C = textscan(fid, 'format', N) reads data from the file, reusing the format conversion specifier N times, where N is a positive integer. You can resume reading from the file after N cycles by calling textscan again using the original fid.

C = textscan(fid, 'format', param, value, ...) reads data from the file using nondefault parameter settings specified by one or more pairs of param and value arguments. The section User Configurable Options lists all valid parameter strings, value descriptions, and defaults.

C = textscan(fid, 'format', N, param, value, ...) reads data from the file, reusing the format conversion specifier N times, and using nondefault parameter settings specified by pairs of param and value arguments.

C = textscan(str, ...) reads data from string str in exactly the same way as it does when reading from a file. You can use the format, N, and parameter/value arguments described above with this syntax. Unlike when reading from a file, if you call textscan more than once on the same string, it does not resume reading where the last call left off but instead reads from the beginning of the string each time.

[C, position] = textscan(...) returns the location of the file or string position as the second output argument. For a file, this is exactly equivalent to calling ftell(fid) after making the call to textscan. For a string, it indicates how many characters were read.

The Difference Between the textscan and textread Functions

The textscan function differs from textread in the following ways:

Field Delimiters

The textscan function sees a text file as a collection of blocks. Each block consists of a number of internally consistent fields. Each field consists of a group of characters delimited by a field delimiter character. Fields can span a number of rows. Each row is delimited by an end-of-line (EOL) character sequence.

The default field delimiter is the white-space character, (i.e., any character that returns true from a call to the isspace function). You can set the delimiter to a different character by specifying a 'delimiter' parameter in the textscan command (see User Configurable Options). If a nondefault delimiter is specified, repeated delimiter characters are treated as separate delimiters. When using the default delimiter, repeated white-space characters are treated as a single delimiter.

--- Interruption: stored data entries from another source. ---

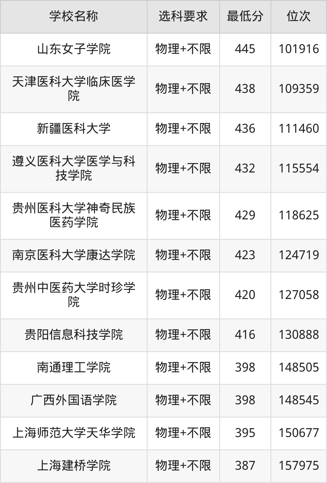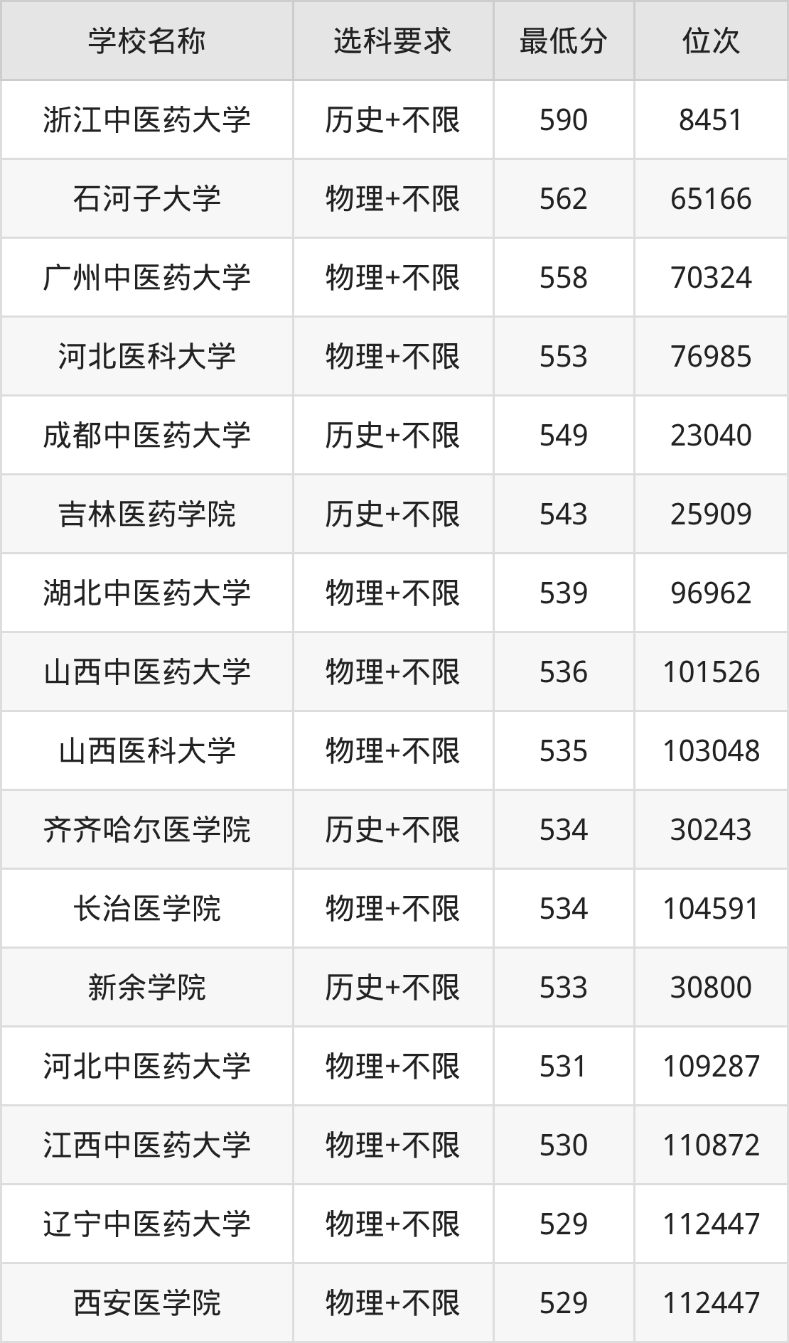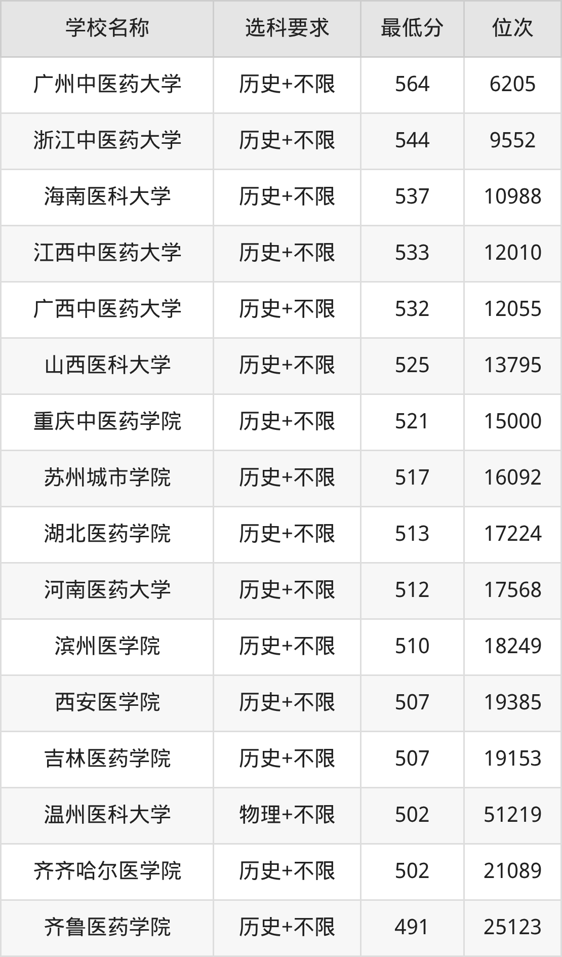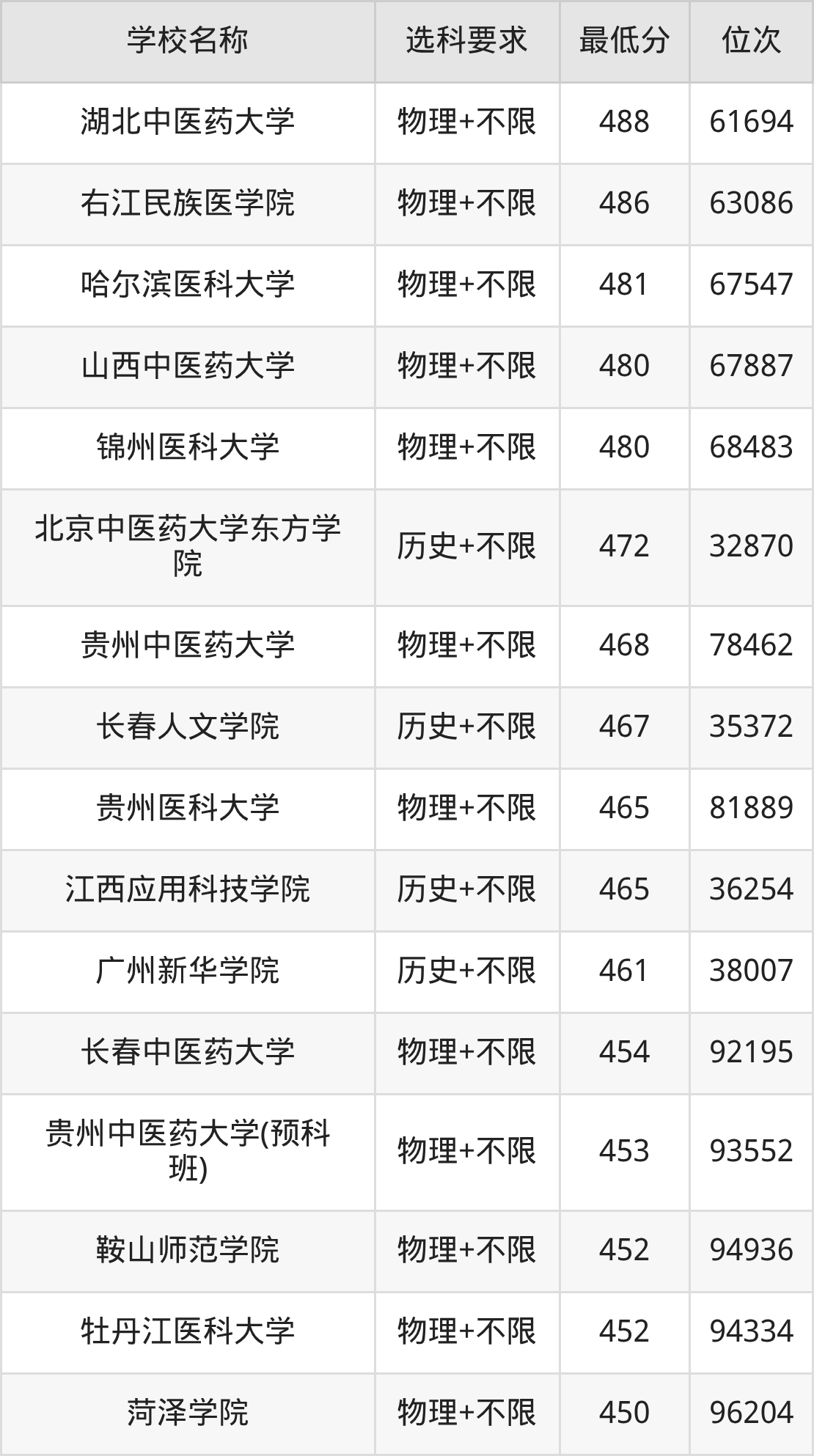 在贵州招生的院校中,有25所不限选科要求(物理组),如温州医科大学、湖北中医药大学等;有19所不限选科要求(历史组),如广州中医药大学、浙江中医药大学等。
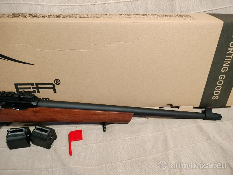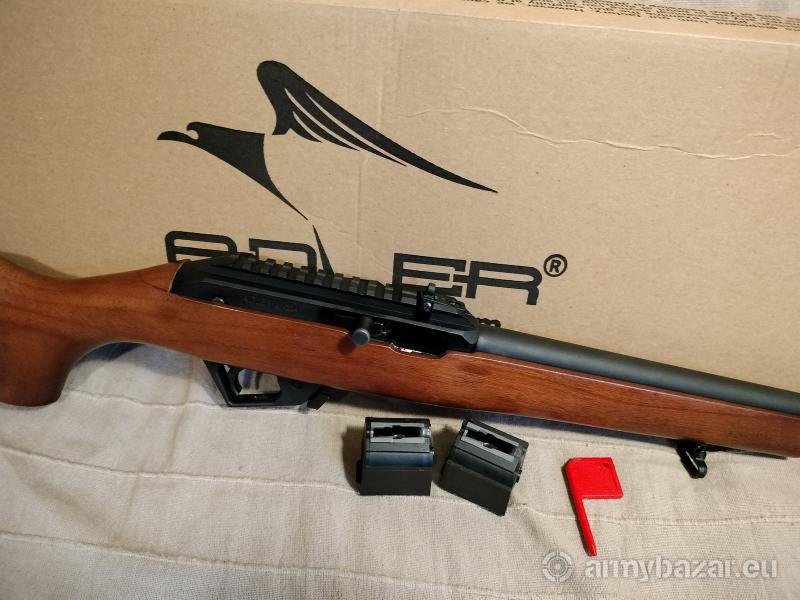 Opis: Karabinek samopowtarzalny bocznego zapłonu w kalibrze 22LR. Sprawny, w bardzo dobrym stanie (ryski i otarcia na drewnianym łożu oraz przy oknie wyrzutnika). W zestawie: karabinek, dwa magazynki, instrukcja oraz oryginalne pudełko. Lokalizacja Łęczna
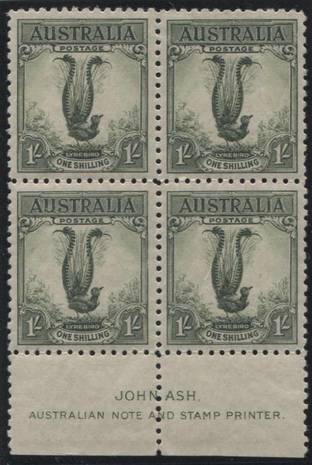 1/- Lyrebird, ASH IMPRINT block of 4. 3
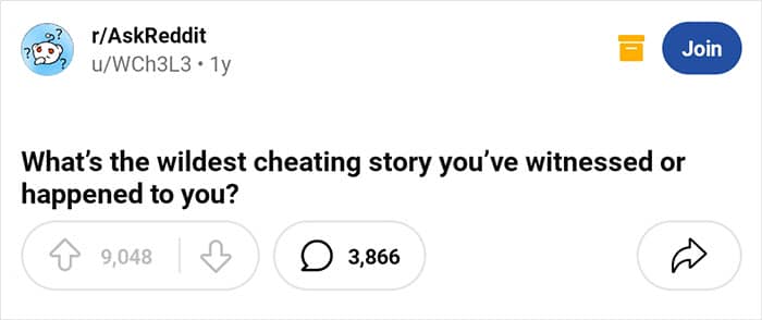 To better understand the lengths people go to in order to satisfy their desires, Reddit user WCh3L3 made a post on the platform, asking, “What’s the wildest cheating story you’ve witnessed or experienced?” An interesting question, considering that many of us might not recognize the signs of an affair even if we suspect our partner.
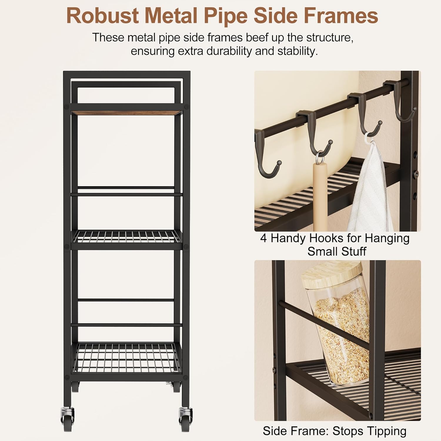 - 【Metal Pipe Side Frames & 4 Hooks】 The metal pipe sides of microwave stand don't just reinforce the cart—they also keep your stuff from taking a tumble. And those 4 built - in hooks? Perfect for tossing mugs, spatulas, dish towels, or even oven mitts. Stash your essentials and keep 'em within arm's reach!
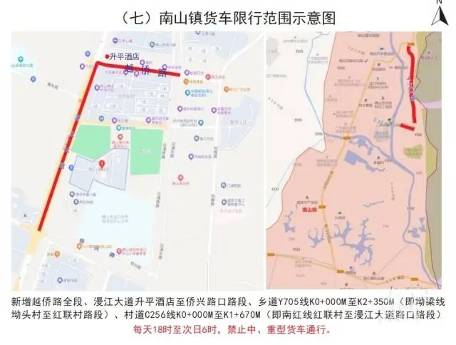 南山镇的货车限行范围拟新增越侨路全段、漫江大道升平酒店至侨兴路口路段、乡道Y705线K0+000M至K2+350M(即坳梁线坳头村至红联村路段)、村道 C256 线 K0+000M 至 K1+670M(即南红线红联村至漫江大道路口路段),每天18时至次日6时,禁止中、重型货车通行。
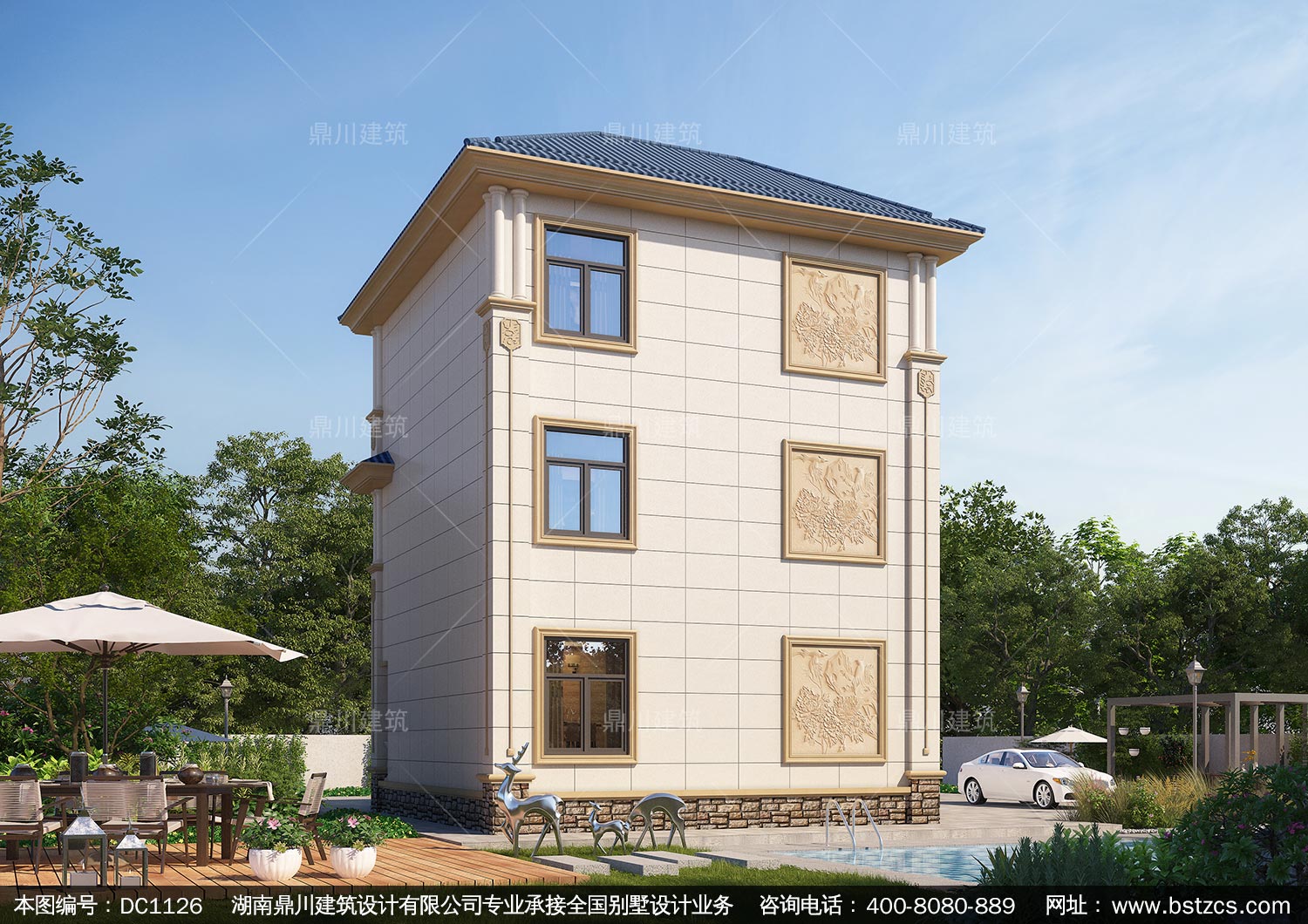 三層簡歐帶露臺小戶型別墅圖紙及效果圖_農村自建房設計,鼎川建筑
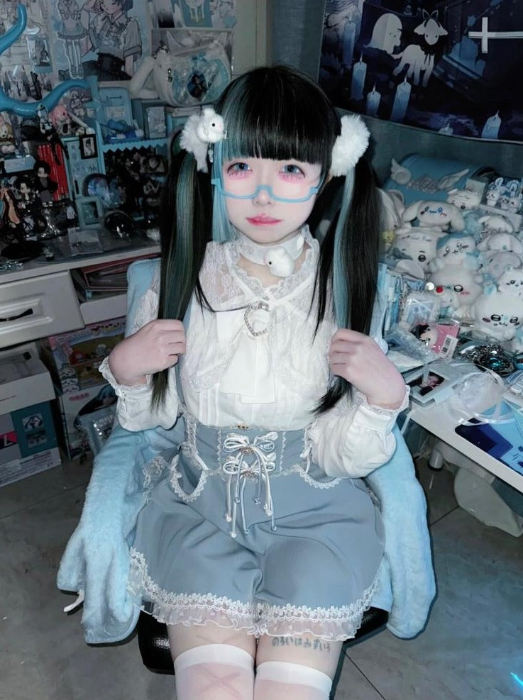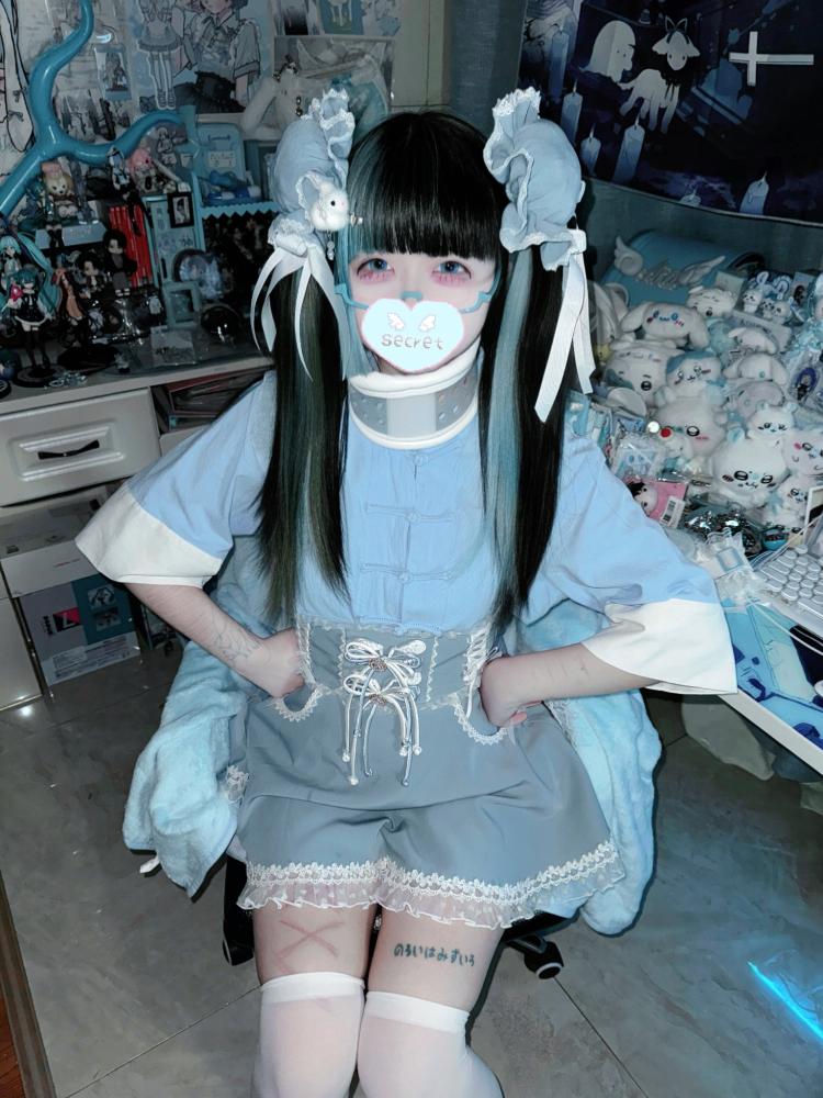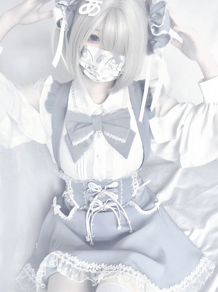 Blau-weißes Old School Lolita Fashion Kleid mit Schleife und Details, JSK-Set
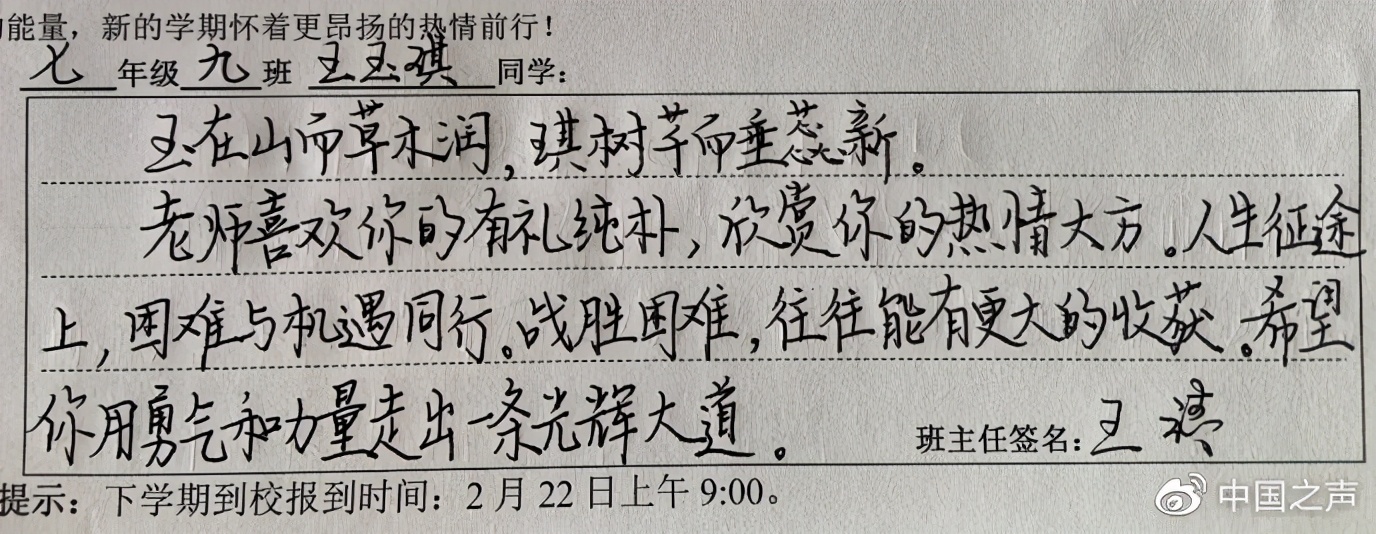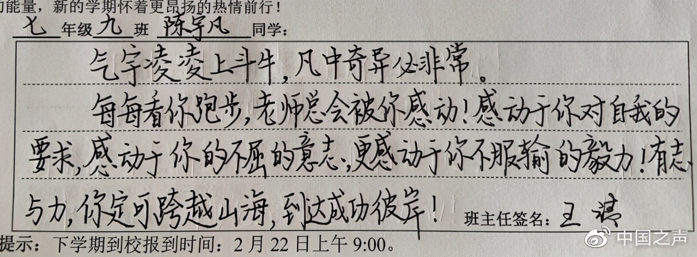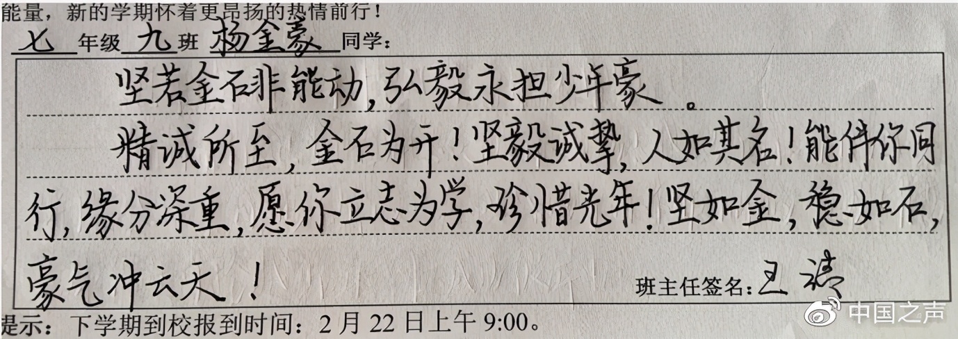 特殊的寄语让他觉得

The default end-of-line character sequence depends on which operating system you are using. You can change the end-of-line setting to a different character sequence by specifying an 'endofline' parameter in the textscan command (see User Configurable Options).

Conversion Specifiers

This table shows the conversion type specifiers supported by textscan.

Specifier

Description

%n

Read a number and convert to double.

%d

Read a number and convert to int32.

%d8

Read a number and convert to int8.

%d16

Read a number and convert to int16.

%d32

Read a number and convert to int32.

%d64

Read a number and convert to int64.

%u

Read a number and convert to uint32.

%u8

Read a number and convert to uint8.

%u16

Read a number and convert to uint16.

%u32

Read a number and convert to uint32.

%u64

Read a number and convert to uint64.

%f

Read a number and convert to double.

%f32

Read a number and convert to single.

%f64

Read a number and convert to double.

%s

Read a string.

%q

Read a (possibly double-quoted) string.

%c

Read one character, including white space.

%[...]

Read characters that match characters between the brackets. Stop reading at the first nonmatching character. Use %[]...] to include ] in the set.

%[^...]

Read characters that do not match characters between the brackets. Stop reading at the first matching character. Use %[^]...] to exclude ] from the set.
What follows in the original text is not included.